#### EXCERPTED RECORDS ####

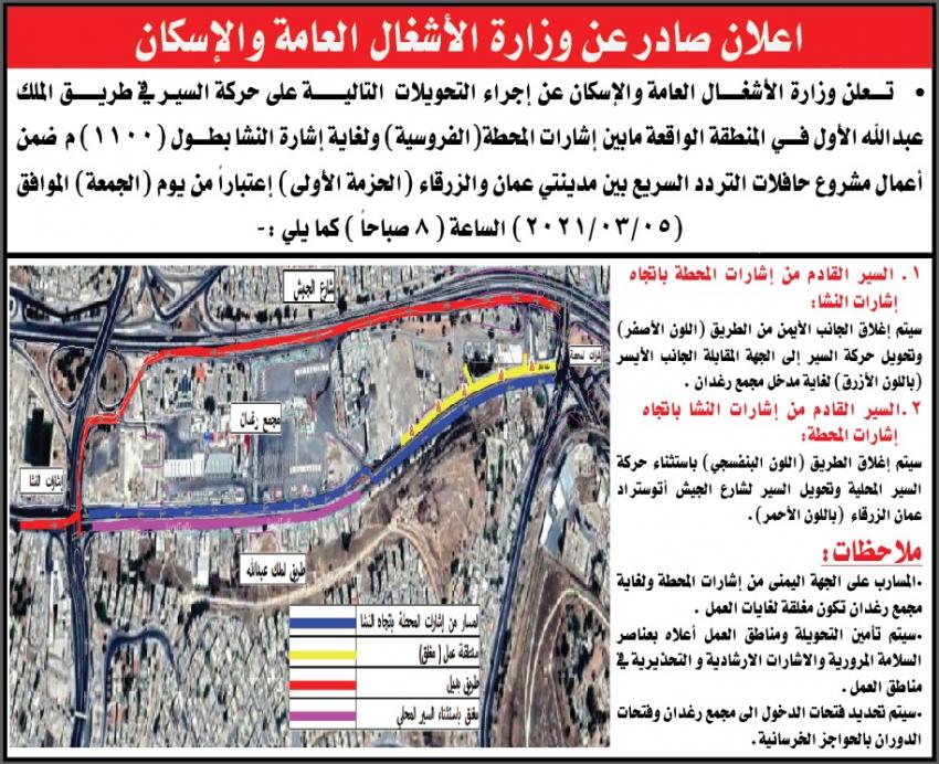 وبينت الوزارة في بيان لها الاربعاء، أنه وبالنسبة للسير القادم من إشارات المحطة بإتجاه إشارات النشا سيتم إغلاق الجانب الايمن من الطريق وتحويل حركة السير إلى الجهة المقابلة الجانب الايسر لغاية مجمع رغدان، والسير القادم من إشارات النشا باتجاه إشارات المحطة سيتم إغلاق الطريق باستثناء حركة السير المحلية وتحويل السير لشارع الجيش اتوستراد عمان - الزرقاء.
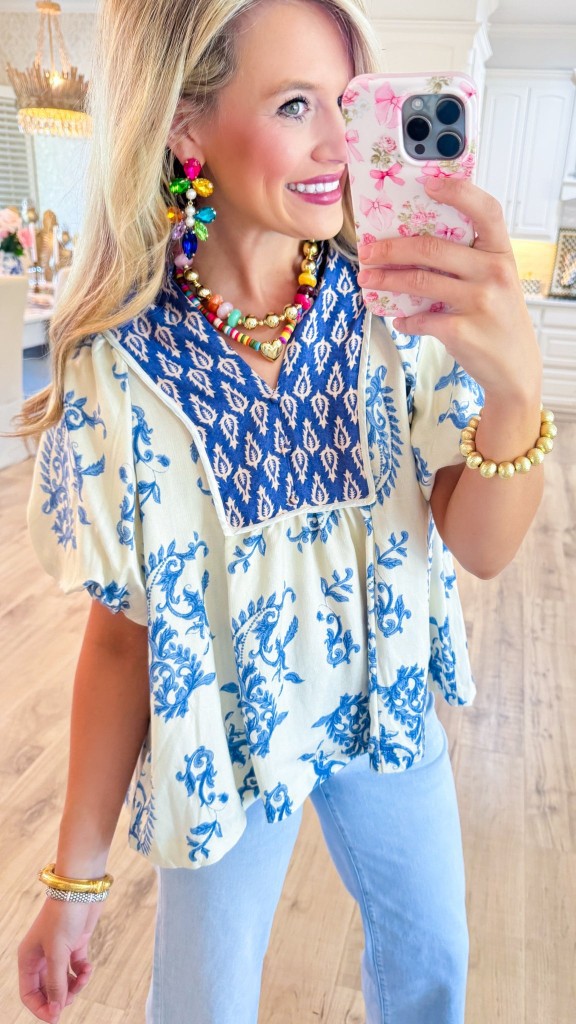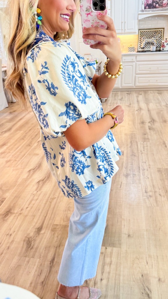 국경 간 유럽과 미국의 새로운 여름 프랑스 목가적 인 V-목 꽃 인쇄 간단한 패션 퍼프 소매 여성용 셔츠스토어 가기
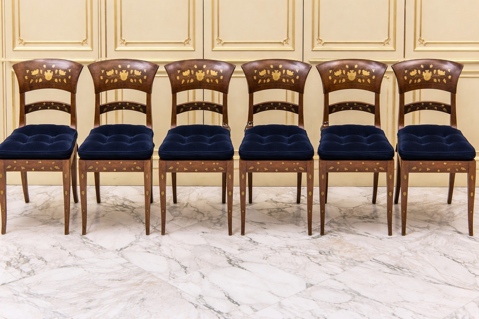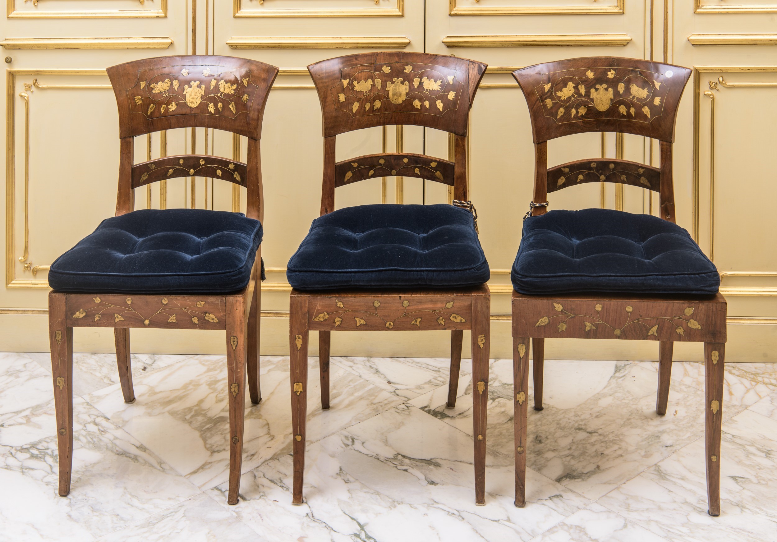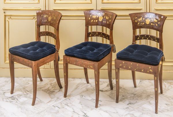 Schienale leggermente arcuato, filettature e decori intarsiati a motivi classici e floreali, gambe tronco-piramidali. Seduta imbottita rivestita in velluto blu. Con intarsi in ottone. Una con Difetti al canneté.
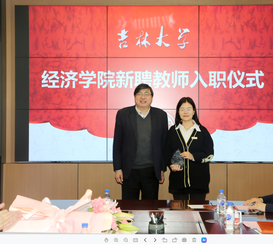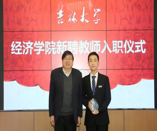 徽章并颁发入职纪念奖杯,向两位学院教师队伍的新生力量表示欢迎与期许。
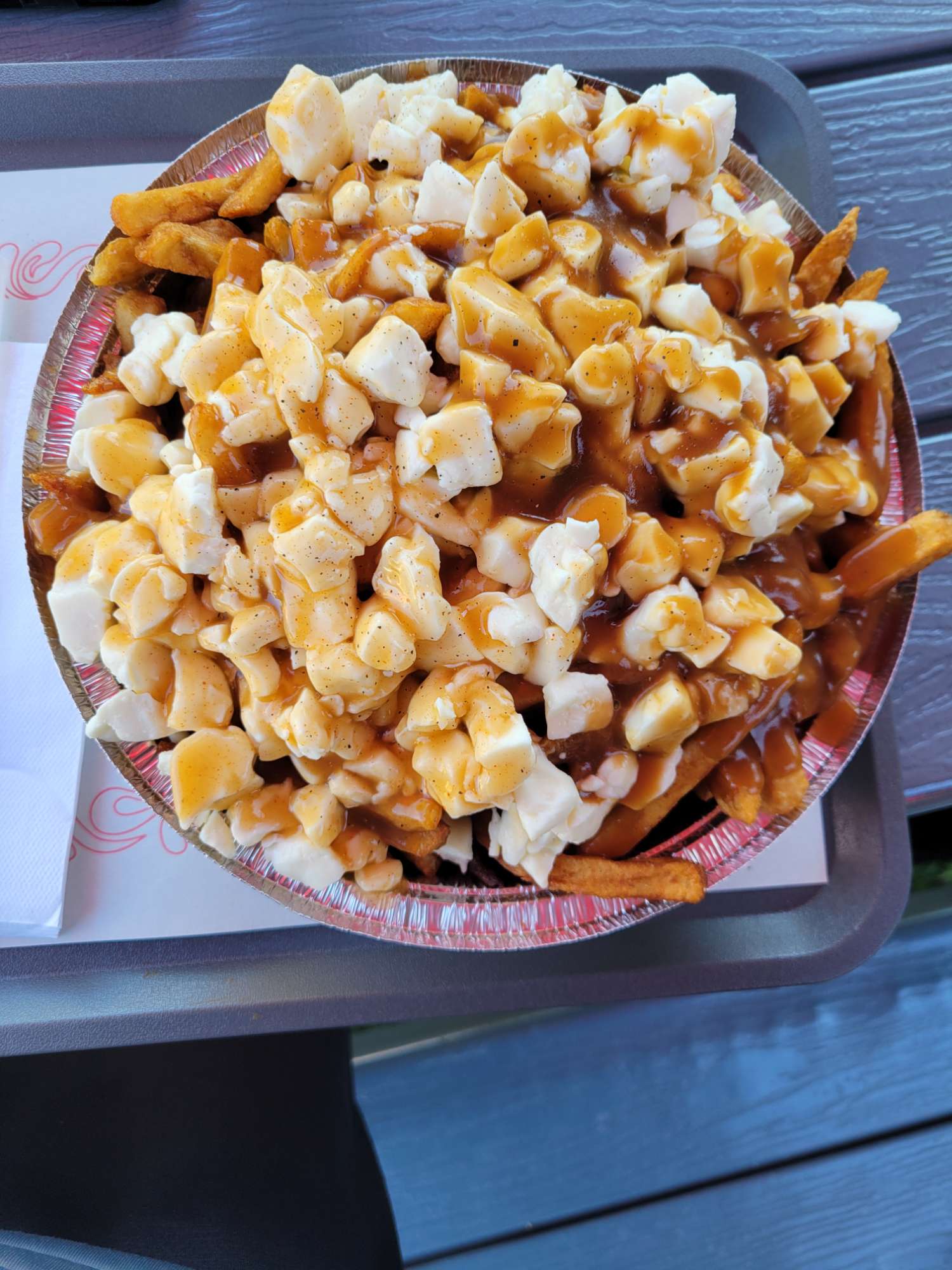 Pour la poutine, le fromage et les frites sont délicieux. La sauce mériterait d’être légèrement plus goûteuse. Donne toute une bonne poutine !
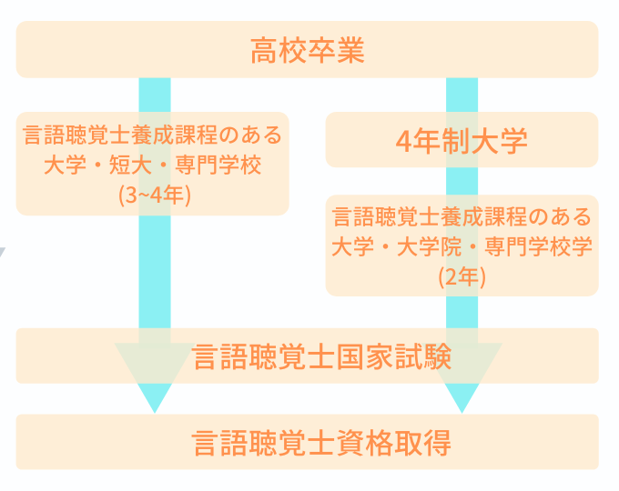どちらのルートにおいても、卒業あるいは卒業見込みで国家試験を受験し、合格すると、言語聴覚士として登録できます。
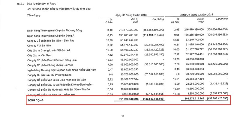 Cụ thể, Sabeco đã đầu tư vào đơn vị như: 216 tỷ đồng tại Ngân hàng TMCP Phương Đông (OCB) trích lập dự phòng 159 tỷ đồng, chiếm 73% số tiền đầu tư; 136 tỷ đồng tại Ngân hàng TMCP Đông Á (DongA Bank), trích lập dự phòng 111 tỷ đồng, chiếm 81,6% số tiền đầu tư; 51 tỷ đồng tại Quỹ đầu tư Chứng khoán Sài Gòn A2, số tiền trích lập dự phòng là 22 tỷ đồng; 36,6 tỷ đồng tại Ngân hàng TMCP XNK Việt Nam; chưa kể Sabeco đầu tư 45 tỷ đồng tại CTCP Chứng khoán Đại Việt thì số tiền trích lập lên tới 38,6 tỷ đồng, tương đương với 86% tổng số tiền đầu tư.
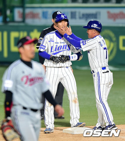 7회말 1사 만루에서 삼성 이흥련이 우전 적시타를 치고 김평호 코치와 환호하고 있다.
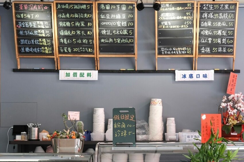 【鹿行艸地】以創意系冰品為主打,選用當季水果製成基底的冰,可以再加點各式各樣的配料,另外也有店家特製的獨家口味,以及袋裝的古早味清涼飲品,手寫的菜單也多了一股溫度。
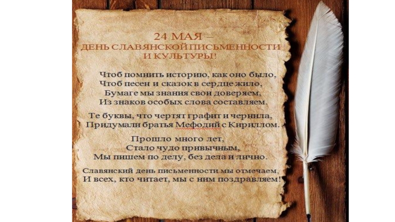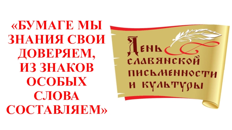 Презентация, доклад ко Дню славянской письменности и культуры Бумаге мы знания свои доверяем, из знаков особых слова составляем!

####

_ASSIGNED TASK:_
Full transcription of the material, exact in every line, without images.

_TASK SOLUTION:_
 وبينت الوزارة في بيان لها الاربعاء، أنه وبالنسبة للسير القادم من إشارات المحطة بإتجاه إشارات النشا سيتم إغلاق الجانب الايمن من الطريق وتحويل حركة السير إلى الجهة المقابلة الجانب الايسر لغاية مجمع رغدان، والسير القادم من إشارات النشا باتجاه إشارات المحطة سيتم إغلاق الطريق باستثناء حركة السير المحلية وتحويل السير لشارع الجيش اتوستراد عمان - الزرقاء.
 국경 간 유럽과 미국의 새로운 여름 프랑스 목가적 인 V-목 꽃 인쇄 간단한 패션 퍼프 소매 여성용 셔츠스토어 가기
 Schienale leggermente arcuato, filettature e decori intarsiati a motivi classici e floreali, gambe tronco-piramidali. Seduta imbottita rivestita in velluto blu. Con intarsi in ottone. Una con Difetti al canneté.
 徽章并颁发入职纪念奖杯,向两位学院教师队伍的新生力量表示欢迎与期许。
 Pour la poutine, le fromage et les frites sont délicieux. La sauce mériterait d’être légèrement plus goûteuse. Donne toute une bonne poutine !
どちらのルートにおいても、卒業あるいは卒業見込みで国家試験を受験し、合格すると、言語聴覚士として登録できます。
 Cụ thể, Sabeco đã đầu tư vào đơn vị như: 216 tỷ đồng tại Ngân hàng TMCP Phương Đông (OCB) trích lập dự phòng 159 tỷ đồng, chiếm 73% số tiền đầu tư; 136 tỷ đồng tại Ngân hàng TMCP Đông Á (DongA Bank), trích lập dự phòng 111 tỷ đồng, chiếm 81,6% số tiền đầu tư; 51 tỷ đồng tại Quỹ đầu tư Chứng khoán Sài Gòn A2, số tiền trích lập dự phòng là 22 tỷ đồng; 36,6 tỷ đồng tại Ngân hàng TMCP XNK Việt Nam; chưa kể Sabeco đầu tư 45 tỷ đồng tại CTCP Chứng khoán Đại Việt thì số tiền trích lập lên tới 38,6 tỷ đồng, tương đương với 86% tổng số tiền đầu tư.
 7회말 1사 만루에서 삼성 이흥련이 우전 적시타를 치고 김평호 코치와 환호하고 있다.
 【鹿行艸地】以創意系冰品為主打,選用當季水果製成基底的冰,可以再加點各式各樣的配料,另外也有店家特製的獨家口味,以及袋裝的古早味清涼飲品,手寫的菜單也多了一股溫度。
 Презентация, доклад ко Дню славянской письменности и культуры Бумаге мы знания свои доверяем, из знаков особых слова составляем!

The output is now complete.